■ **Aim of the task**:
Reproduce exactly only the lines from the line that holds "2023 여름 라운드넥" to the line that holds "Elegant matching set", inclusive, in the listing below, and please leave out every picture.
======== Provided material ========
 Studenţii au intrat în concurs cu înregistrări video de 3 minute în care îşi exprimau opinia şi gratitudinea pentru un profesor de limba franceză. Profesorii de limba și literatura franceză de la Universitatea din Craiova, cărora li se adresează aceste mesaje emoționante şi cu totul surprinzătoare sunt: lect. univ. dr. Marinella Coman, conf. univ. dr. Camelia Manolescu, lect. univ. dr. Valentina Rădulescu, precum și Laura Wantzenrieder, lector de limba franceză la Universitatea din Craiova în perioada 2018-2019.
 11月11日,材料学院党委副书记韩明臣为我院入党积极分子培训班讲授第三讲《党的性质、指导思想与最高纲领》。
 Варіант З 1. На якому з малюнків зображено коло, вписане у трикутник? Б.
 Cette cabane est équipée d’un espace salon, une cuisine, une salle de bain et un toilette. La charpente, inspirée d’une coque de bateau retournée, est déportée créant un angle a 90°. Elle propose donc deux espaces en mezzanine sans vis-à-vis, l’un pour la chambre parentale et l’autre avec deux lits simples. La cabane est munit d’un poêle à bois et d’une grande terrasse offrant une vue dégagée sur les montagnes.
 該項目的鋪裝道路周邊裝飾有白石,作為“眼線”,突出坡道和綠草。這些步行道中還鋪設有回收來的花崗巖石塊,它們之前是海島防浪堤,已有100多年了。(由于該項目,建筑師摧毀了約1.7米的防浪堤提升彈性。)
========
======== Provided material ========
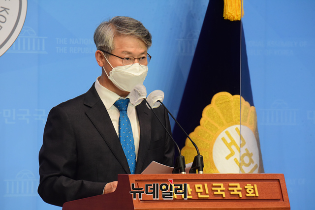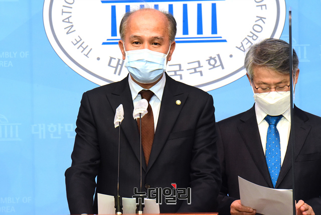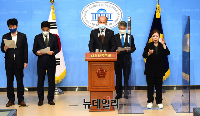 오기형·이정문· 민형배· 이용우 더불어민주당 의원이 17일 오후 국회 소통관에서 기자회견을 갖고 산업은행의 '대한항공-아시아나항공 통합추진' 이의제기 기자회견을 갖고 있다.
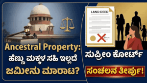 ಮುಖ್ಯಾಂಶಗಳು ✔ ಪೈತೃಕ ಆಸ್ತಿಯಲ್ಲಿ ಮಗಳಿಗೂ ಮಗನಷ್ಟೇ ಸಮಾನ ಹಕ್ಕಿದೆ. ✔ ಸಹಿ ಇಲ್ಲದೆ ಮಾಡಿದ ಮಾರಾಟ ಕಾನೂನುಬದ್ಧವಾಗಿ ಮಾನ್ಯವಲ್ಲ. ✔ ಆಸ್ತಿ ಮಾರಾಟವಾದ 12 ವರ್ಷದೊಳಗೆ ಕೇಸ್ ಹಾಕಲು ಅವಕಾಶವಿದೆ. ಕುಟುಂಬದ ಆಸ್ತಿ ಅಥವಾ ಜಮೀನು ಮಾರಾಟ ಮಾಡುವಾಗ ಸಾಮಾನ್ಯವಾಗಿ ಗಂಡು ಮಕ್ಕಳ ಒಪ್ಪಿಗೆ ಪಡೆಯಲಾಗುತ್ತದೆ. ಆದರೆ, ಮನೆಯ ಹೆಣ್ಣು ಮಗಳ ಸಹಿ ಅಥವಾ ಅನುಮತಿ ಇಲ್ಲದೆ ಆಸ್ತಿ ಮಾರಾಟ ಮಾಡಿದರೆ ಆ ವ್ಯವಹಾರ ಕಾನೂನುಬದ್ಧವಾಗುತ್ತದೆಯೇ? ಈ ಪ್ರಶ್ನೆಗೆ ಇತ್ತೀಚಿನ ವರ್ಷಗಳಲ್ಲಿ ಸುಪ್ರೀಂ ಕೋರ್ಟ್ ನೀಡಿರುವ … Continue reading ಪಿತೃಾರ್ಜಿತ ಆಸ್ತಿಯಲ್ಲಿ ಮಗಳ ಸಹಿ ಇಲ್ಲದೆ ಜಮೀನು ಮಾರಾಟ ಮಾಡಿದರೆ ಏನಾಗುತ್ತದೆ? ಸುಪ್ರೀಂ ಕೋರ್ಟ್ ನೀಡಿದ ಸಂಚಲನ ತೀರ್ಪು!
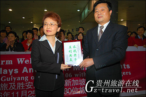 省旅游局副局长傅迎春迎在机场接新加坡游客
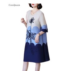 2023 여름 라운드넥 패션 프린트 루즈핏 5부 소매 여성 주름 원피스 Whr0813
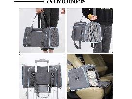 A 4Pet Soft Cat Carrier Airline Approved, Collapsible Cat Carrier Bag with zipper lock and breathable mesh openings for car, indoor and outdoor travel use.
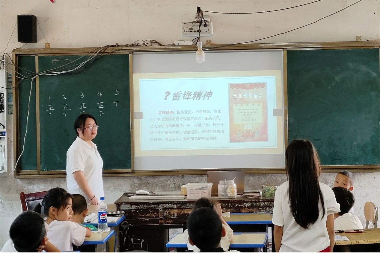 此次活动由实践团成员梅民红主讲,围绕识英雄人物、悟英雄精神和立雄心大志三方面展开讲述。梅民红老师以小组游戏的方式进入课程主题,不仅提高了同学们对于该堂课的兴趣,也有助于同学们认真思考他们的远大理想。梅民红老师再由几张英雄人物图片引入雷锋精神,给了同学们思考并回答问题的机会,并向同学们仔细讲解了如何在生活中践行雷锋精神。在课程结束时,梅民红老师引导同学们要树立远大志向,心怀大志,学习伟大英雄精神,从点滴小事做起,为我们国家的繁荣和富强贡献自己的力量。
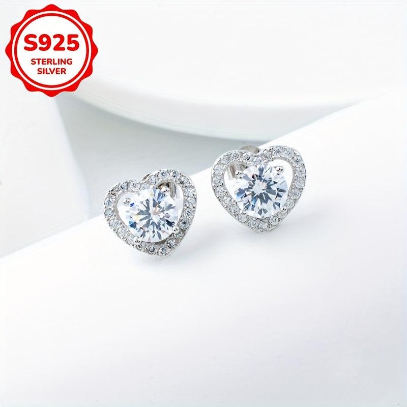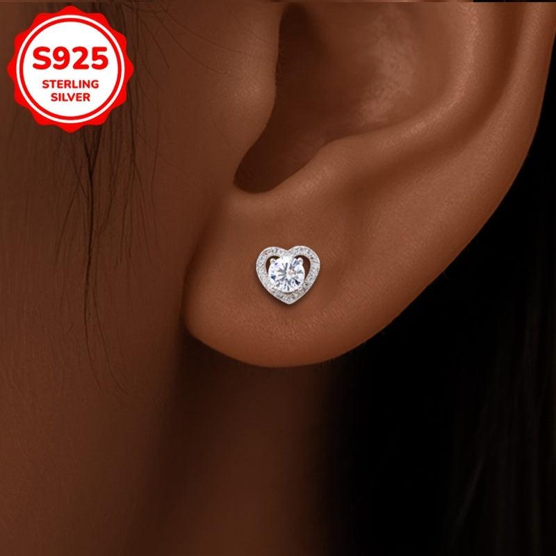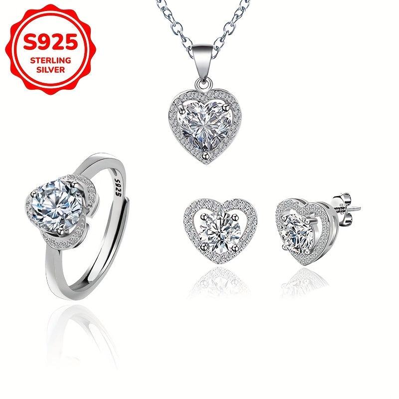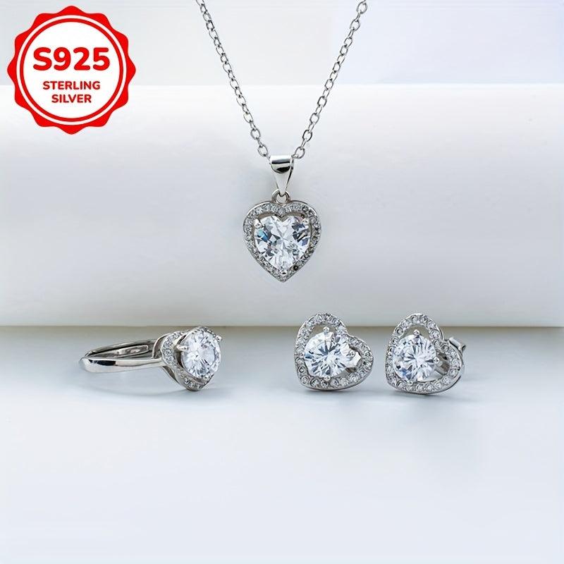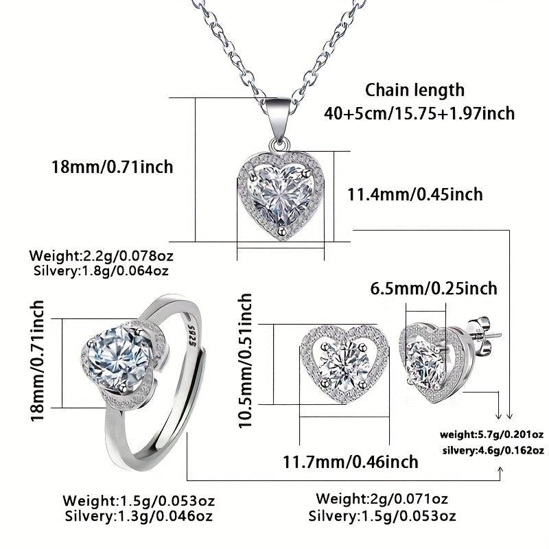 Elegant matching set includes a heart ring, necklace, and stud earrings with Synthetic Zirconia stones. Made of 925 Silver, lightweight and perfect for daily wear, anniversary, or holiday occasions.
========
■ **Task result**:
 2023 여름 라운드넥 패션 프린트 루즈핏 5부 소매 여성 주름 원피스 Whr0813
 A 4Pet Soft Cat Carrier Airline Approved, Collapsible Cat Carrier Bag with zipper lock and breathable mesh openings for car, indoor and outdoor travel use.
 此次活动由实践团成员梅民红主讲,围绕识英雄人物、悟英雄精神和立雄心大志三方面展开讲述。梅民红老师以小组游戏的方式进入课程主题,不仅提高了同学们对于该堂课的兴趣,也有助于同学们认真思考他们的远大理想。梅民红老师再由几张英雄人物图片引入雷锋精神,给了同学们思考并回答问题的机会,并向同学们仔细讲解了如何在生活中践行雷锋精神。在课程结束时,梅民红老师引导同学们要树立远大志向,心怀大志,学习伟大英雄精神,从点滴小事做起,为我们国家的繁荣和富强贡献自己的力量。
 Elegant matching set includes a heart ring, necklace, and stud earrings with Synthetic Zirconia stones. Made of 925 Silver, lightweight and perfect for daily wear, anniversary, or holiday occasions.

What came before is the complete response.